Tuesday, September 23, 2008

Start of the Journey

...they are never really that easy are they? Problems always will arise.

Well my adventure has yet to start, and already there are stomach aches (I'm sure there will be more once flying is included in the mix) and scared thoughts.

Currently the aches and pains are caused by the fact that my adventure might not even be happening anymore. It all comes down to the fact that the medical department apparently forgot about me. I'm really not positive how that happens but it seems to in this case.

Let me elaborate. I had a deadline to get all of my medical paperwork in by September 2nd. I thought at that time I had accomplished this goal. The Thursday before the deadline I got an e-mail telling me that I was missing three things from the packet, and couldn't be PQ'd to travel until everything was in. Two things were asked of me to be submitted and I was told the third, blood work would be ordered to be added to the tests already to be done on the blood samples I submitted. I submitted what I was told to, my doctors office gave me a form from 05, on a test that is done each year, telling me that was the only report they had of it, and were only able to give me a piece of paper saying I had had the test done this year and it was negative. The other form was just information so that was fine. I called the woman that had told me I was missing these forms, and told her the 05/form situation, she didn't answer of course, left a message telling her what was going on and if there were any problems to call me or e-mail me. I never heard back from her.

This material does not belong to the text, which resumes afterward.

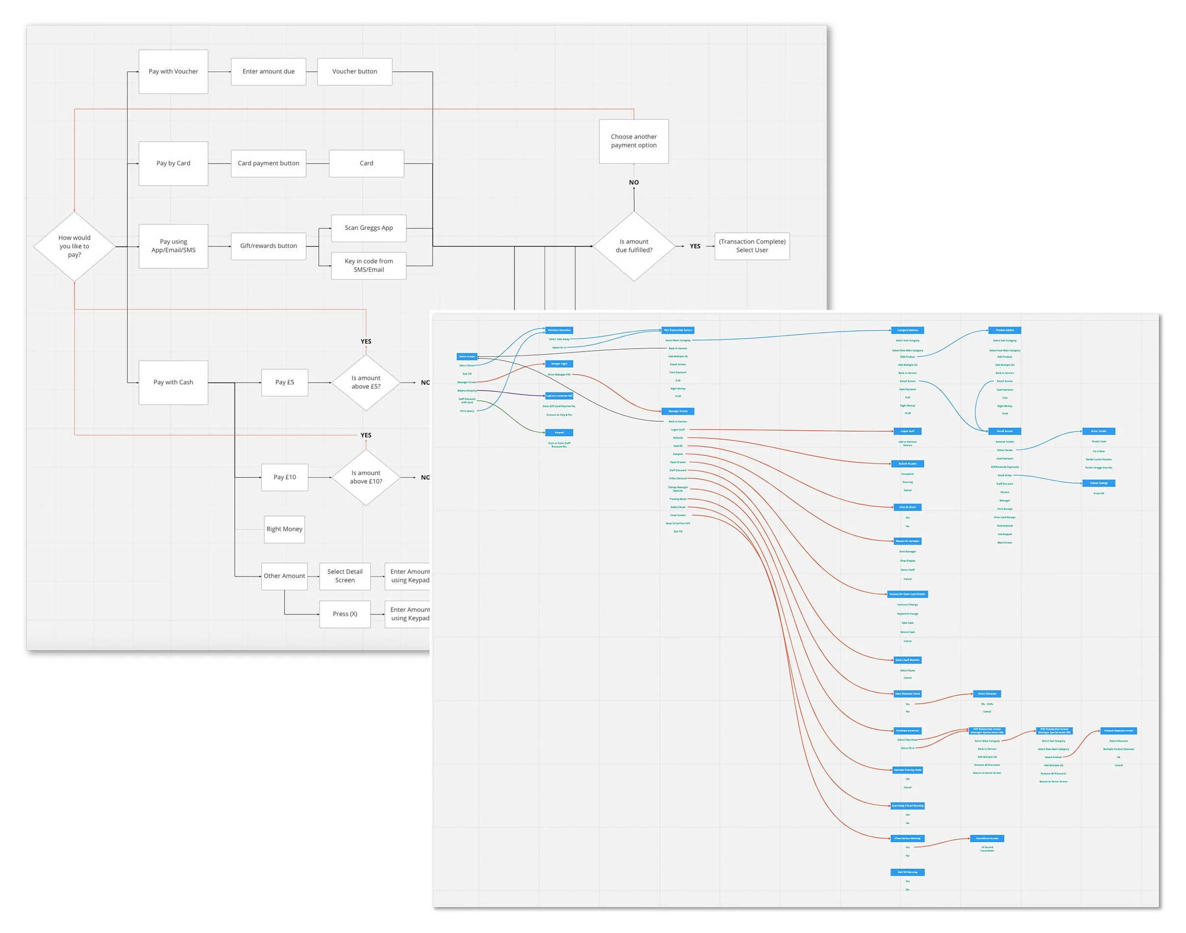 After completing my training, I created a comprehensive site map of the entire till system to solidify my understanding of its structure and functionality. I also mapped out key user flows, including common payment methods such as card, cash, the Greggs app, and vouchers. This process helped me break down each step a colleague takes when serving a customer, highlighting pain points and inefficiencies in the existing experience. By visualising the system in this way, I was able to identify areas of friction and opportunities for improvement.

Fastforward to today. I get a call telling me, even though I was supposed to leave on sunday, I can't go untill I'm PQ'd. What??? I call, I apparently needed to go get the blood work done myself, since It wasn't able to be put in on the labs previously, and that form just wouldn't work. Thank you for letting me know, you know three weeks ago.

So here I am now. Worried, nervous, scared. I got the blood drawn today, labs should have been faxed in the minute they were done this afternoon, and apparently the most recent report was there in my file and was faxed in as well. I'm calling first thing in the morning and crossing every part of my body that will cross. I don't know what I would do if I wasn't able to go anymore.

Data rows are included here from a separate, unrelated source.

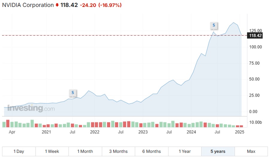 Vývoj ceny akcií společnosti Nvidia za posledních 5 let. (Zdroj: Investing.com)*
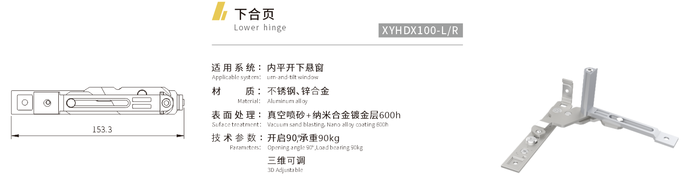 适用系统:内平开下悬窗 材质:不锈钢、锌合金 表面处理:真空喷砂+纳米合金镀金层600h 技术参数:开启90°,承重90kg,三维可调
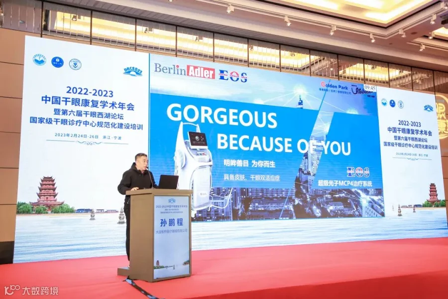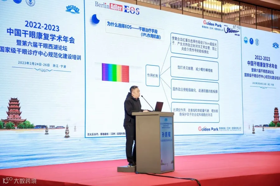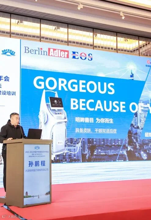 本次会议的“干眼诊疗产品企业展示PK秀”环节,Berlin Adler渠道经理孙鹏程为参加本次会议的观众们带来了精彩的EOS超级光子MCP4治疗系统的介绍,以及关于技术的分享与交流。
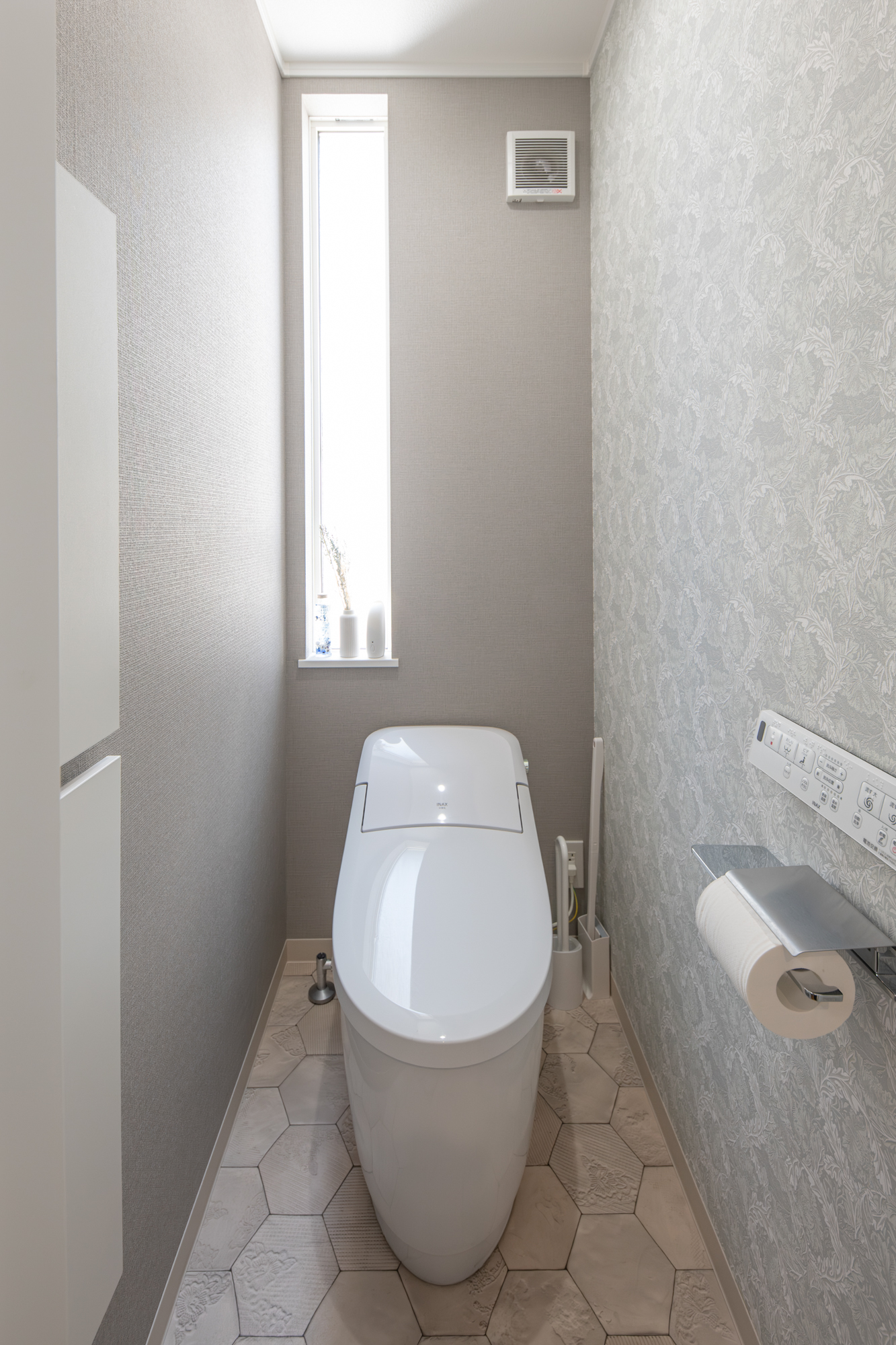 1階トイレ。コンパクトなタンクレストイレを採用してすっきりとした快適な空間を創りました。

In better news, I went to Milwaukee yesterday as my official, official goodbye. It was wonderful. I held thee most adorable baby, visited the wonderful people of miad, and most importantly saw some of the best friends I have ever had. Danced my ass off with Sarah Jane, Hillary, and Josh along with Cody and Matt, and many many others at the Ratatat show. I literally was dancing from around 7 to 11:30, hell we made a dance beat out of the fire alarms going off and danced our way out of Turner Hall. I had dripping sweat-soaked hugs and kisses, with people I never want to let go of. Drove home with a red moon to my right, leading my way back to Manitowoc, me screaming lyrics to my current favorite songs at the top of my lungs.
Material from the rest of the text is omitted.